La sécurité de tout ce que les gens mettent dans leur corps n’est pas déterminée par la seule chimie, mais par la façon dont cette chimie s’intègre dans la routine quotidienne, les cultures et les inclinations psychologiques. Les fumeurs qui achètent des IQOS peuvent être susceptibles de continuer à fumer et ajouteront simplement l’appareil dans les espaces entre deux sorties dans l’air froid de l’hiver. Dans sa demande à la FDA, PMI n’a fourni que des données provenant de personnes qui sont passées entièrement des cigarettes au tabac chauffé. Le plus souvent, dit Ashley, les gens deviennent des utilisateurs doubles – ce qui, bien sûr, profiterait à la fois aux vendeurs de cigarettes et de tabac chauffé.

Plus tôt cette année, une étude de l’American Cancer Society nous a rassurés. Les chercheurs ont suivi les ventes de cigarettes par région au Japon de 2014 à 2018. Ils ont connu des baisses importantes de leurs ventes qui ont été en corrélation avec les lancements locaux d’IQOS. La conclusion prudente : « L’introduction de l’IQOS a probablement réduit les ventes de cigarettes au Japon. L’impact net sur la santé de la population, cependant, ne peut être évalué sans résoudre plusieurs incertitudes clés liées aux méfaits directs de l’IQOS. »

Idéalement, de telles incertitudes devraient être résolues avant le lancement d’un produit à l’échelle nationale. Et dans un modèle idéal d’examen de nouveaux dispositifs comme celui-ci, les données sur l’innocuité ne dépendraient pas des études effectuées par l’entreprise elle-même. Au lieu de cela, les chercheurs étudieraient les produits et évalueraient les effets sur la santé, et n’auraient aucun intérêt financier dans les résultats qu’ils pourraient trouver. L’Académie nationale des sciences a proposé quelque chose comme ceci en 2012. Dans le cadre de l’élaboration de normes scientifiques pour l’étude des e-cigarettes, le groupe a suggéré la création d’une nouvelle entité tierce chargée de superviser les essais des nouveaux produits du tabac. Puisque les universités n’acceptent pas de subventions des compagnies de tabac, le financement proviendrait des frais et des taxes des compagnies de tabac, ou de l’argent gagné dans les règlements.

Quand la FDA a essayé d’aller de l’avant avec ce plan, cependant, se rappelle Ashley, elle a « rencontré des critiques virulentes de la part de gens qui luttent contre le tabagisme et qui ne pouvaient imaginer qu’un tel système puisse réellement fonctionner.

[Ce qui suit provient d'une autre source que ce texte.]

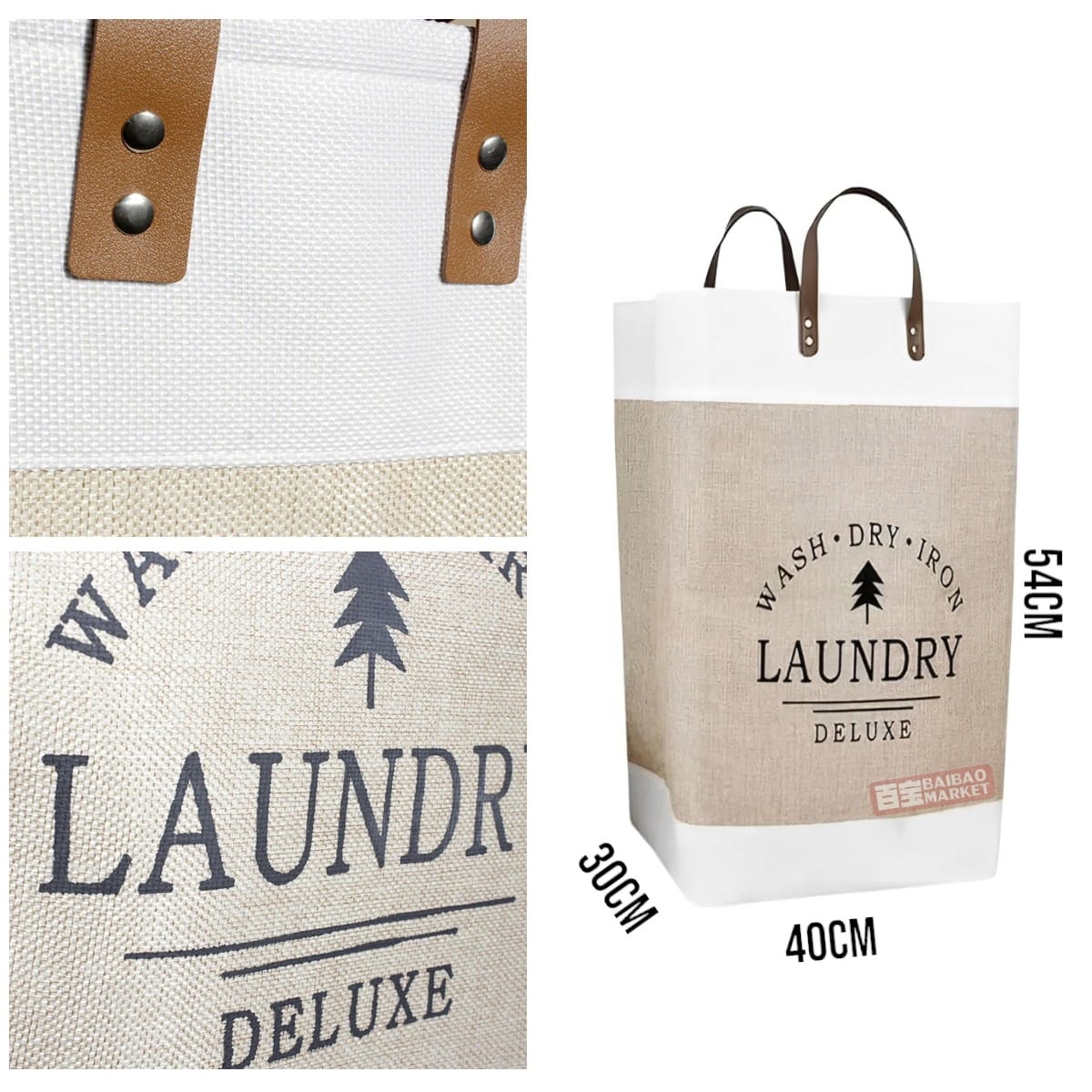 Organizá tu lavandería con estilo y practicidad. Este cesto para ropa sucia de 50 litros de capacidad está fabricado en tela resistente con diseño minimalista tipo lino y asas de cuero sintético, ideal para baños, dormitorios o lavaderos.

Il n’a pas essayé de le refaire. » Ashley croit toujours que l’idée est prometteuse pour permettre à des chercheurs indépendants d’étudier des produits sans interférence de l’industrie. Il faudrait l’assortir d’un plan complet pour rendre les cigarettes désuètes. Bien que le tabac chauffé puisse être très nocif, il ne fait aucun doute que les cigarettes combustibles sont nocives.

En 2017, le président de la FDA de l’époque, Scott Gottlieb, a annoncé un plan visant à réduire la teneur en nicotine des cigarettes. Il s’agissait en quelque sorte d’une approche à mi-chemin d’une interdiction visant à réduire la demande de cigarettes combustibles. L’idée était de pousser les gens à cesser de fumer, idéalement. À défaut de cela, pousser les gens à remplacer les combustibles par de l’électronique. Selon une étude publiée dans le New England Journal of Medicine, cette politique permettrait de sauver 2,8 millions de vies d’ici 2060.

Le mois dernier, cependant, la FDA a annoncé qu’elle suspendait le plan. L’agence n’a donné aucune raison. Cette décision a été considérée comme une victoire majeure pour l’industrie du tabac.

Si PMI veut l’appui des défenseurs de la santé – créer un appareil qui peut être testé et auquel les consommateurs peuvent faire confiance, qui peut être vendu dans des centres commerciaux luxueux et qui peut même être hypothétiquement recommandé par les médecins comme alternative plus sûre pour les fumeurs – l’industrie devra peut-être prendre des mesures pour concrétiser son désir déclaré de cesser de fumer. S’il croit vraiment avoir un produit qui peut et doit remplacer les cigarettes, l’entreprise pourrait au moins cesser de faire pression contre la solution la plus claire : les interdire.